Data science can significantly increase the impact of development programmes simply by optimising them.Two good examples of that are provided by our partners PIVOT in Madagascar and SOIL in Haiti.
Data science is increasingly being used in development contexts to generate predictions or build models that are deployed by aid organisations to support effective strategy deployment. But analytics can also be used to significantly increase the impact of development programmes simply by optimising them.
Two good examples of how data science can be used for “optimisation” are provided by our partners PIVOT in Madagascar and SOIL in Haiti.
MAPPING THE SHORTEST ROUTES TO CARE
Madagascar conjures up images of lush rainforests, ancient baobab trees and ring-tailed lemurs. But the same stunning geography responsible for this unparalleled beauty also means more than three-quarters of the population are isolated in remote villages, far from services such as those offered at formal health clinics and hospitals, which can often only be reached by traveling for hours or days on foot or motorbike. Geography is in fact one of the most challenging barriers to achieving universal healthcare in the country, with the physical distance from a medical facility, roughness of the terrain and frequently impassable waterways determining whether a pregnant woman attends pre-natal check-ups or a child with severe malaria receives treatment. It’s a phenomenon known as “distance decay”.
Since 2014, PIVOT has been working in partnership with Madagascar’s Ministry of Public Health to transform a single rural district of approximately 200,000 people into a model of universal health coverage that can be replicated and scaled nationally. From the beginning, it was clear that “distance decay” and geographical access to care were substantial obstacles to any intervention aiming to improve health outcomes.
To tackle it, Dr. Felana Ihantamala, a Harvard Medical School health geographer and PIVOT researcher, worked for months to develop precise, context-specific estimates of geographical access to care points in Ifanadiana District. Her team mapped over 100,000 buildings, 13,000 hectares of rice paddies, 5,000 residential areas and a network of nearly 23,000 km of footpaths on OpenStreetMap. These data were collated with over 300,000 patient records. Travel speed models incorporating elevation and rainfall data were created and calibrated using GPS field data, identifying the shortest walking routes to seek care. Then the geographical accessibility results were integrated with service utilization and population health data in an e-health platform that provides PIVOT staff and other local health actors with accurate estimates of the shortest distance and travel time between virtually any two points in the district, together with key information for health programme planning and implementation, such as the areas with the lowest healthcare access.

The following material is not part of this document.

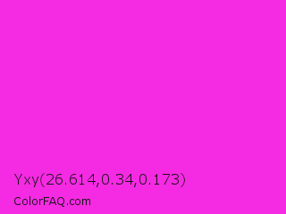 Yxy 26.614,0.34,0.173 Color is a normal magenta color and the nearest color is Hot Magenta #ff1dce. Hex code #f52ae3 and RGB value is rgb(245,42,227). In RGB color space, this color is composed of 96% red, 16% green, 89% blue, In CMYK color space, this color is composed of 0% cyan, 83% magenta, 7% yellow , 4% black , In HSL color space, this color has a hue angle of 305° , 91% saturation and 56% lightness.

As PIVOT’s Scientific Director Matt Bonds explains: “Dr. Ihantamalala’s work has enabled us to go deep - beyond the formal health system - providing us with what we need most: an understanding of what isn’t working, so it can be fixed.”
MASTERING HAITI'S URBAN MAZE
SOIL works in Haiti to provide affordable household sanitation services to families living in some of the island’s poorest urban communities. Its social business model involves providing affordable container-based toilets and related waste treatment services to urban communities, including the weekly collection of waste containers and the conversion of the waste into compost. Historically, collectors had always relied on memory, local knowledge and increased familiarity through regular collection rounds to find their way between households and make their pickups. However, with the steady increase in customer networks being served, any reduction in fuel, time or distance has become key to increased efficiency.
SOIL consequently needed to answer two questions: Firstly, given that its fleet of vehicles mostly comprises three- and four-wheeled mini trucks with limited capacity, what were the fewest trips needed to serve all SOIL’s customers when the number of containers could vary from household to household? And secondly, what was the most efficient route for each of those trips and how could they be mapped?
Working with DataKind data scientists, SOIL built an optimisation algorithm and leveraged open-source tools like OpenStreetMap, the Open Source Routing Machine and Google-Or Tools to generate optimised vehicle routes that take different road conditions and vehicle types into account.
SOIL collectors can now load simple web maps onto an offline app (that can be used in the field) on their mobile devices showing customer zones and all of their routes. Each map shows the turn-by-turn collection route that every vehicle needs to complete to visit all its planned customers for that day.
According to SOIL’s Director of Research and Innovation, Erica Lloyd, “understanding our container data has allowed us to hit as many households as possible in as efficient a way as possible, so we’re making sure that our vehicles are always coming back full.”
As a result, SOIL expects to cut its collection mileage and fuel use considerably. Indeed it has already achieved a 5% reduction in route distance since the maps have been used. Such efficiencies are essential to SOIL’s service expansion in the coming years.